Power of creativity should not be stripped away from artiste: Nucleya

New Delhi: Money should not dominate the process of creating music, says music producer Nucleya.

The 38-year-old EDM star, whose real name is Udyan Sagar, said even though he understands the business side of the entertainment industry, it is important to let the creative minds fly free.

"When somebody is investing crores in a movie they have to figure out a way to be able to make that money back. I understand that from an investor's perspective.

"But making music is a creative process, which means you have to leave it to creative people to come up with a good tune. This power should not be stripped away from them," Nucleya told PTI in a telephonic interview from Mumbai.

The artiste, known for his party tracks like "Bass Rani", "Laung Gawacha", "Jind Mahi" and "Mirza", believes at times musicians are pushed into following a trend which stops them from exploring new ideas.

"If one formula, like remixes, clicks then everybody jumps on that. They don't understand that overdoing it is going to kill the whole thing.

"There are so many creative people within the music industry, be it composers, writers or singers, all we need is to give them creative freedom and let them create something beautiful. The musicians in the industry at times don't have this power."

Nucleya believes the restrictions in the film industry has resulted in the rise of the live, independent music scene as both the performers and the audience get an opportunity to delve into something new.

"The moment you move out of this business, you find unbelievable talent because then there is no one to tell you what to do and what not to.
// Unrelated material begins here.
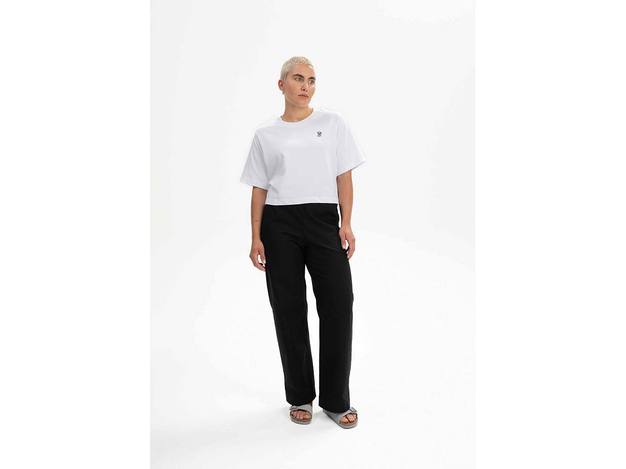 MELA Bio-Damen-T-Shirt "JOSHNA" mit Kaffee-Stickerei, cropped

That is why independent music in live circuit is growing immensely," he added.

Nucleya said as someone who has never functioned as per the profit-loss principle, his aim is to promote the same idea by helping new talent to grow freely.

This is what made the "Paintra" artiste join rap reality show "MTV Hustle" as a mentor, along with Raja Kumari and Raftaar. It started airing on August 10.

"I realised the show is also trying to able to push forward the originality of an artiste as compared to other reality shows where a particular contestant is asked to sing an already popular song by some other artiste. I believe this subconsciously puts budding artistes in a creative cage.

"In this show, the artiste is free to sing, write and compose a song the way they want to. We are requesting them to be as original as possible," he added.

Talking about the increasing popularity of rap in India, Nucleya said the shift came when Indian rappers realised they can create songs in their mother tongue.

"The majority of the audience still doesn't understand rap or hip-hop songs in English. We are just a few of them who understand the English songs.

"I believe the turning point in Indian hip-hop scene came around seven years ago when Indian artistes realised they can rap in Hindi or their mother tongue. This resulted in the increase in the audience," he said.